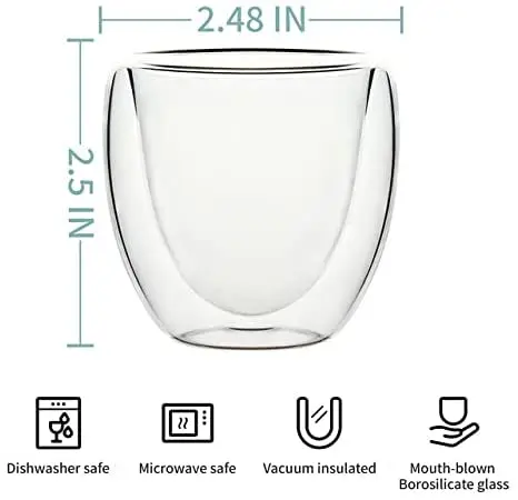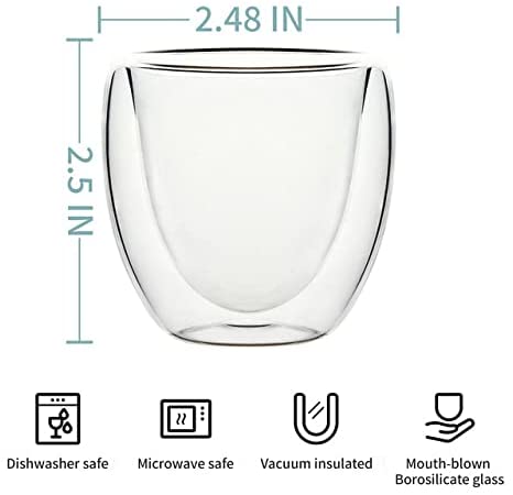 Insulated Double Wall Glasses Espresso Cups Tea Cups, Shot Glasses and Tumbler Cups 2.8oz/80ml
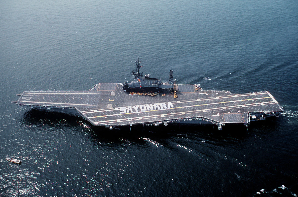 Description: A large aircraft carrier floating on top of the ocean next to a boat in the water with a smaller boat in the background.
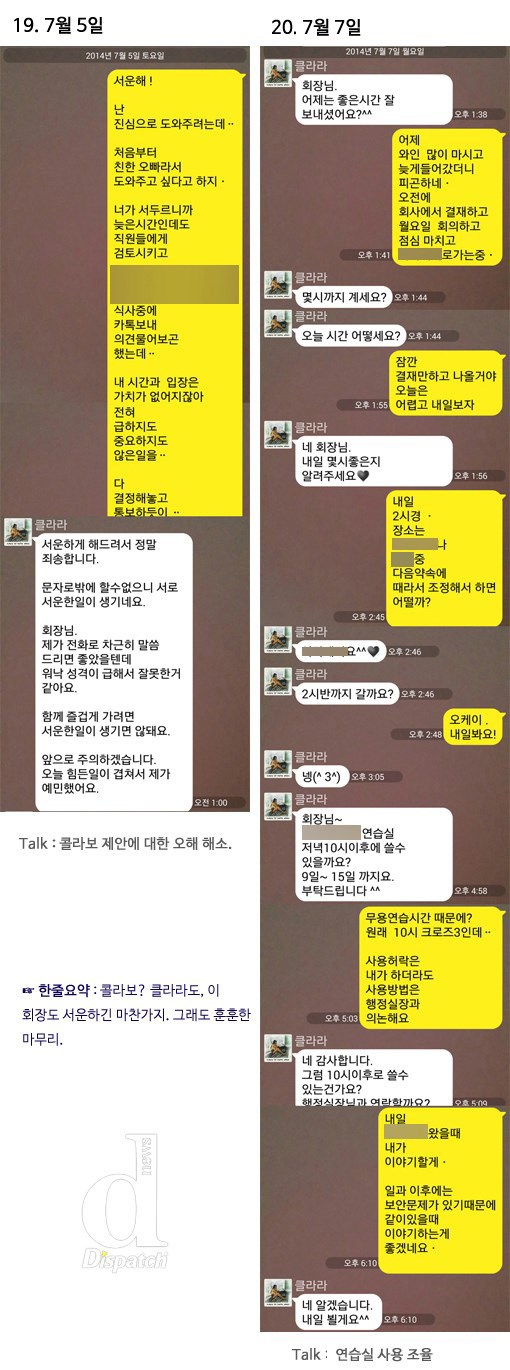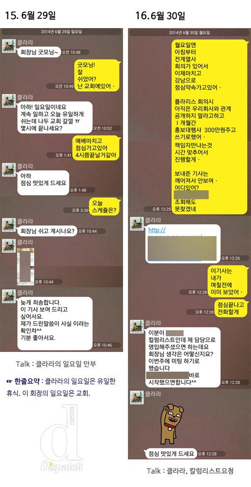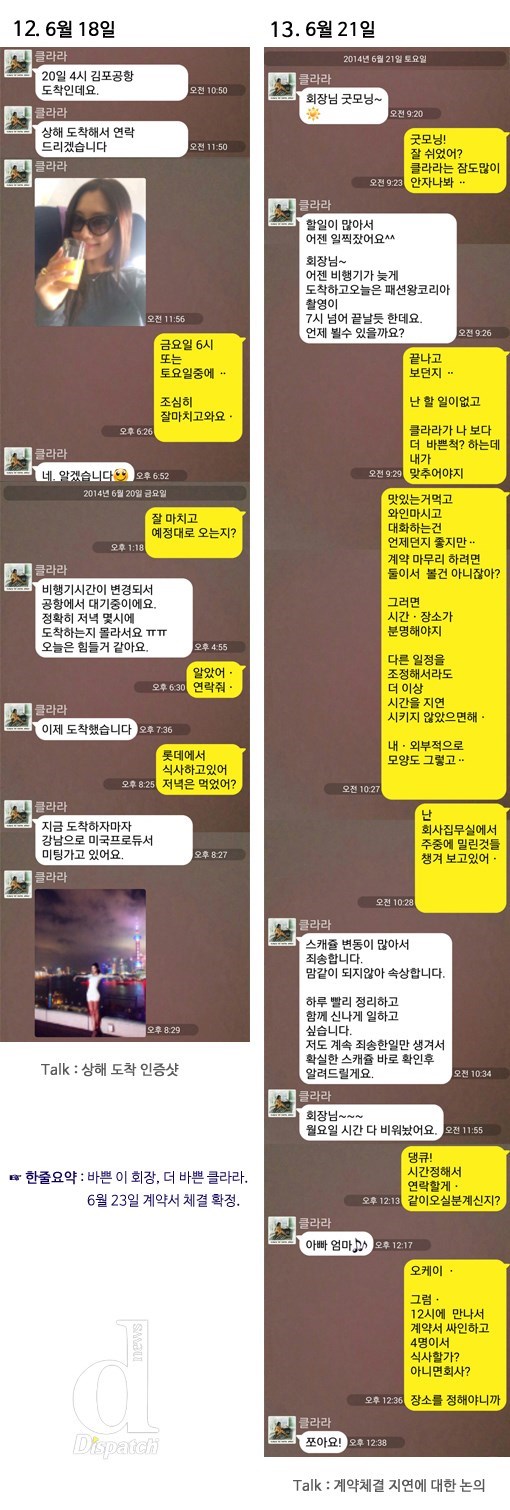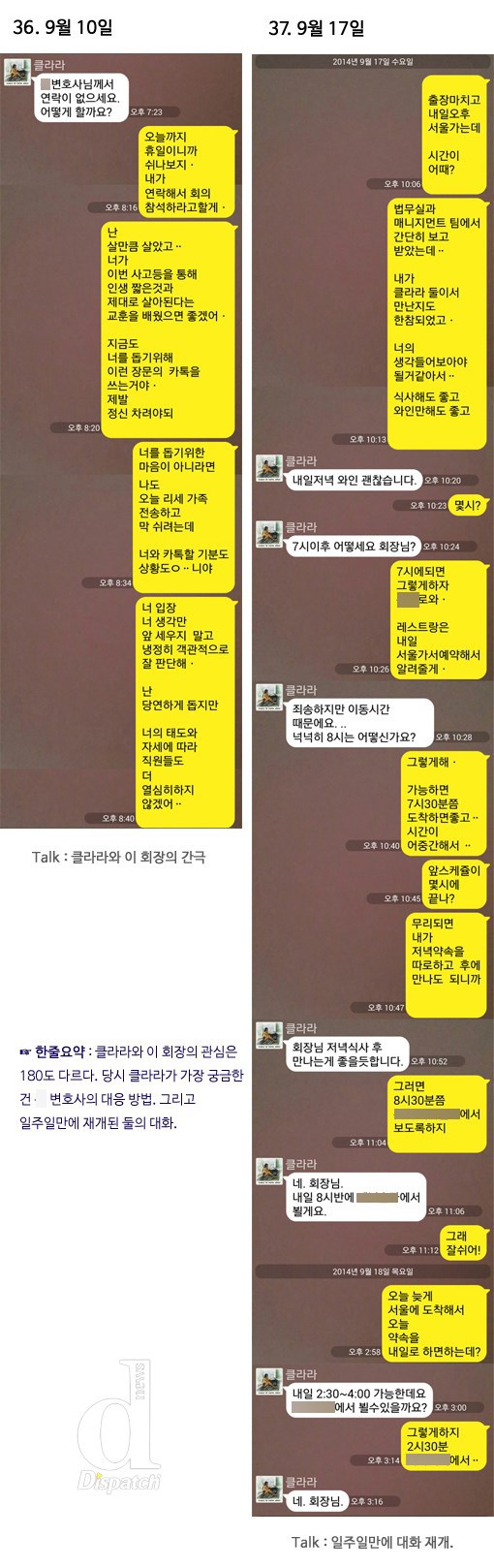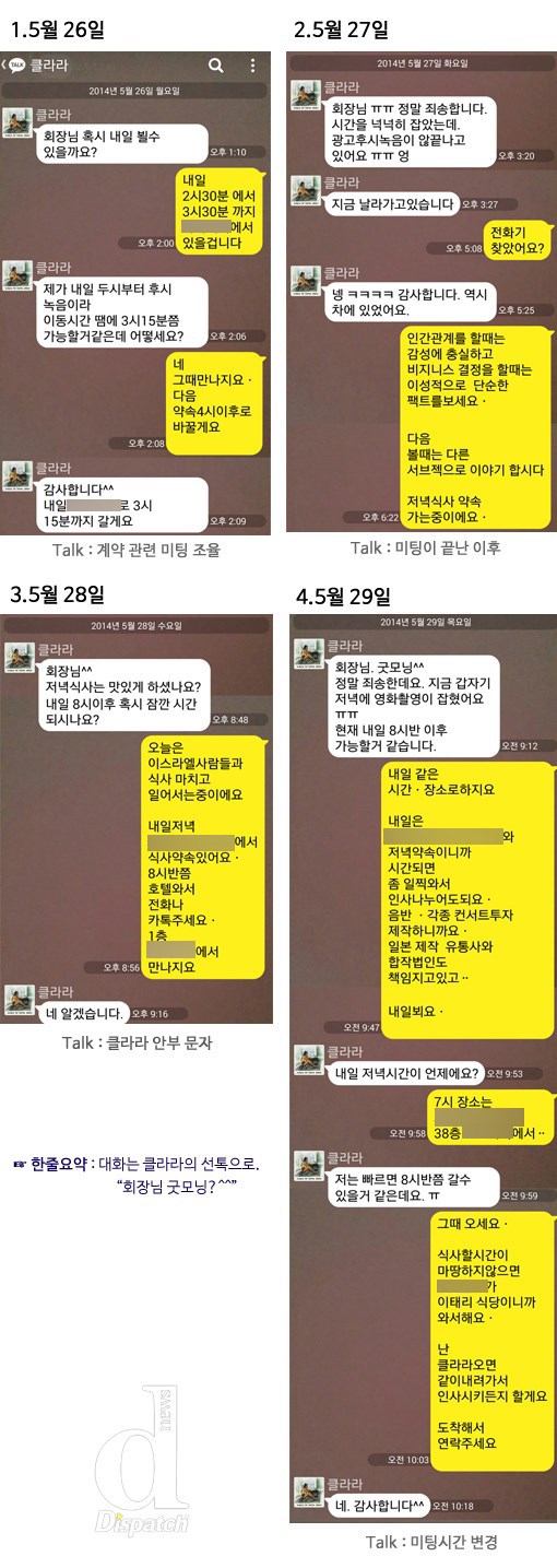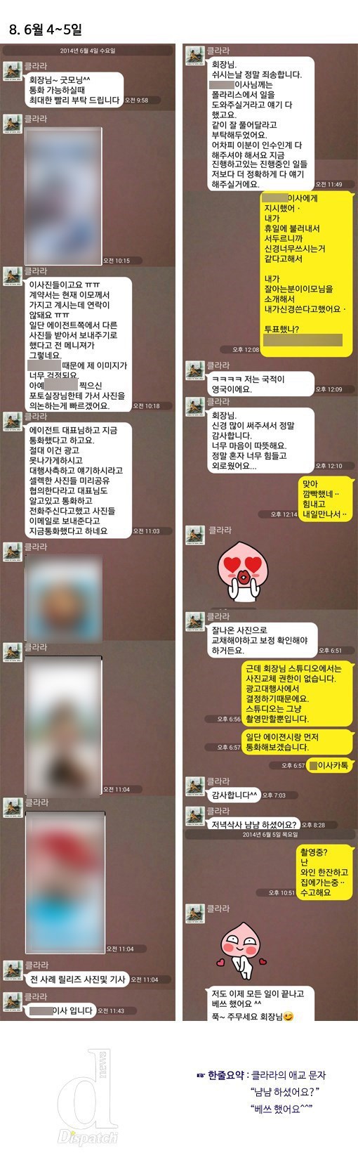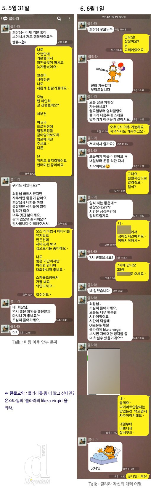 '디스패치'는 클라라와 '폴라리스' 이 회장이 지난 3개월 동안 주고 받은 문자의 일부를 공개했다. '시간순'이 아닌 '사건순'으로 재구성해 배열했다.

- - -

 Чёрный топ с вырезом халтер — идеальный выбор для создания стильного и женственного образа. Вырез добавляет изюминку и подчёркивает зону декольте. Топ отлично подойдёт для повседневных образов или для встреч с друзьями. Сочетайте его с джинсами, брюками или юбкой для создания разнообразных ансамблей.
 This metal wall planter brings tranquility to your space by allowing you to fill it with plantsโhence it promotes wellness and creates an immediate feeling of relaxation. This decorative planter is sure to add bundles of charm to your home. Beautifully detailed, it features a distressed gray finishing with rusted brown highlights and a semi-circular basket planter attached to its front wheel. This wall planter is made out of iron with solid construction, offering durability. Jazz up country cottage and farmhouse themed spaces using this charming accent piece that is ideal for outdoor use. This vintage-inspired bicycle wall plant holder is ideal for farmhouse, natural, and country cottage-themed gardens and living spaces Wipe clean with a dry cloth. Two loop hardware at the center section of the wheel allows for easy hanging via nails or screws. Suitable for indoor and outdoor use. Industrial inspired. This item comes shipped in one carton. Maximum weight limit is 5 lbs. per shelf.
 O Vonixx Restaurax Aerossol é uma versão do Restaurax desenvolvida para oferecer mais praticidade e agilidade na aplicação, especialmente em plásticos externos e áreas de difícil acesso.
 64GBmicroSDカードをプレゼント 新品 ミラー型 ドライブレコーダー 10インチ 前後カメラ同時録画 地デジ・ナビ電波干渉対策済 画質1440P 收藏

- - -

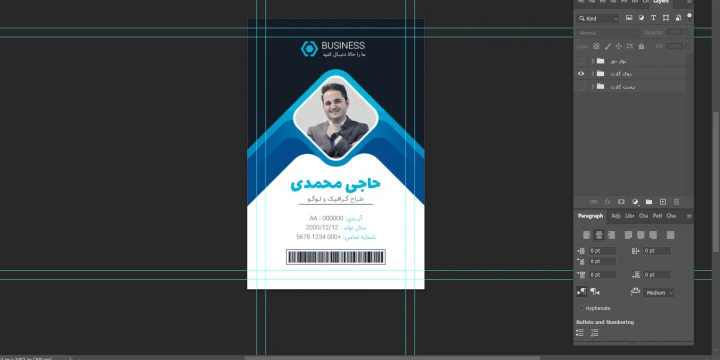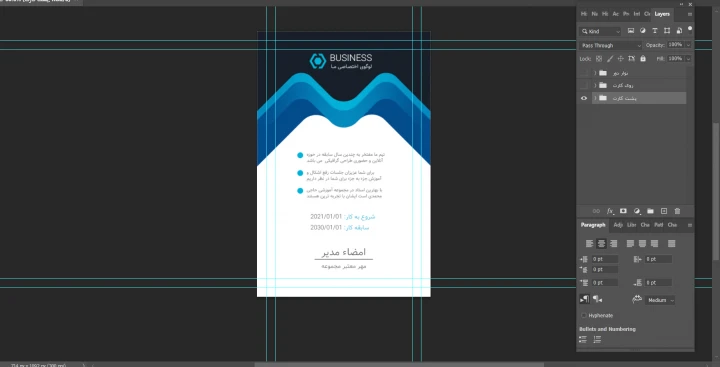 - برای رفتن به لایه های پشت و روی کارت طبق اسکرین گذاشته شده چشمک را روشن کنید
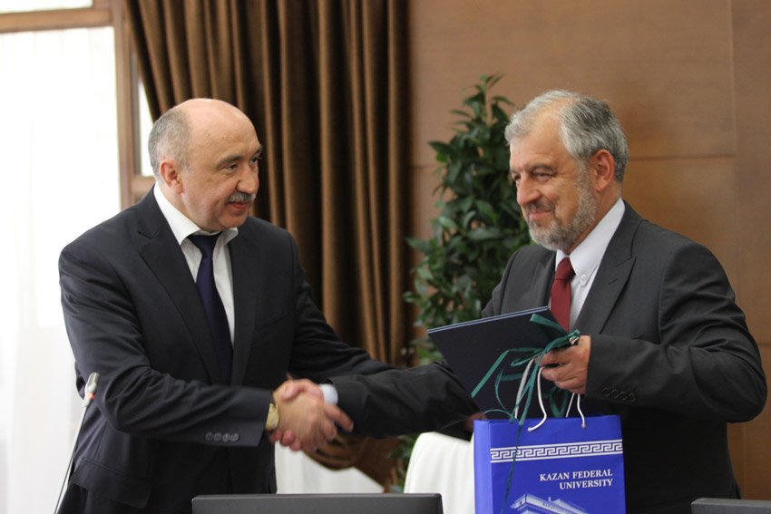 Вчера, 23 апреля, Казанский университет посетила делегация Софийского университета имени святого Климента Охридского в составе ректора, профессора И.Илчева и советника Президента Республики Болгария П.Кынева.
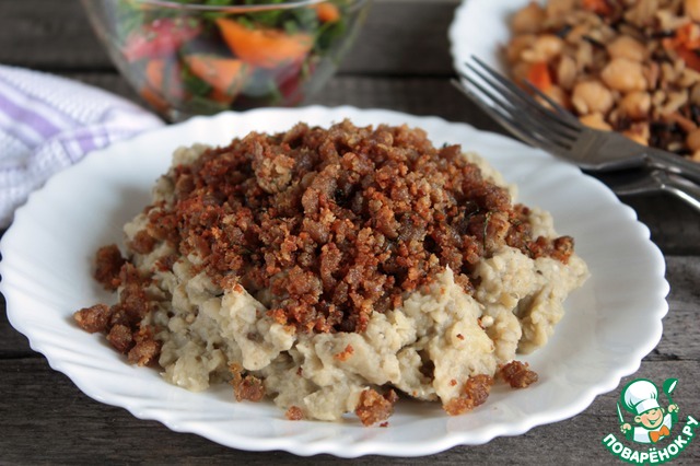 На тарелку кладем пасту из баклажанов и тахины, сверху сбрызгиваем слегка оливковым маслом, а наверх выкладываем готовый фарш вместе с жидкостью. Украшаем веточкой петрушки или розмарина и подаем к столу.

- - -

[The problem]:
The answer is the lines of the material above, from the one containing "- برای رفتن" down to the one containing "На тарелку кладем", given exactly and without images.

[Answer section]:
 - برای رفتن به لایه های پشت و روی کارت طبق اسکرین گذاشته شده چشمک را روشن کنید
 Вчера, 23 апреля, Казанский университет посетила делегация Софийского университета имени святого Климента Охридского в составе ректора, профессора И.Илчева и советника Президента Республики Болгария П.Кынева.
 На тарелку кладем пасту из баклажанов и тахины, сверху сбрызгиваем слегка оливковым маслом, а наверх выкладываем готовый фарш вместе с жидкостью. Украшаем веточкой петрушки или розмарина и подаем к столу.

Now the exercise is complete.